Last month during STEP’s CRA roundtable, tax authorities announced that multiple wills could be administered as a single estate, and qualify as a Graduated Rate Estate (GRE).

And while attendees were happy with the news that CRA would allow the use of graduated rates for people who have multiple wills, some state it could also cause more headaches for executors.


Often, practitioners would administer multiple estates if there were multiple wills, explains Kim Moody, director at Moodys Gartner Tax Law in Calgary. This would help in cases where executors didn’t get along.

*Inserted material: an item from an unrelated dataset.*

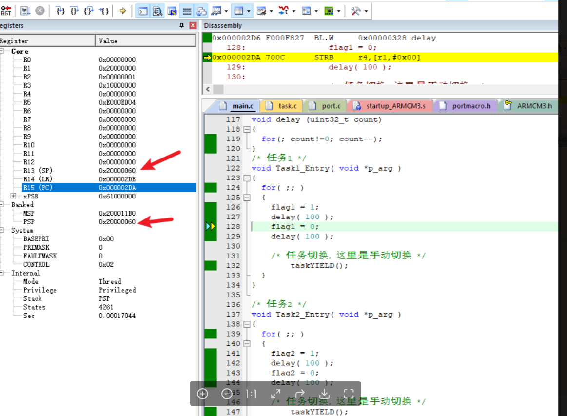 栈顶指针-2 任务线程函数指针 PC

For instance, say the deceased had his children from his first marriage as his co-executors on his first will, and his second wife on his second will.

“In that case, if there were multiple estates, then the surviving second wife and the children wouldn’t have to deal with each other, assuming they didn’t like each other,” says Moody. “But today if they want to have graduated rates available during administration, they’re going to have to co-operate whether they like it or not.”

Also, the use of multiple estates allowed practitioners “to file multiple tax returns on death and get multiple uses of personal [tax] credits,” he says.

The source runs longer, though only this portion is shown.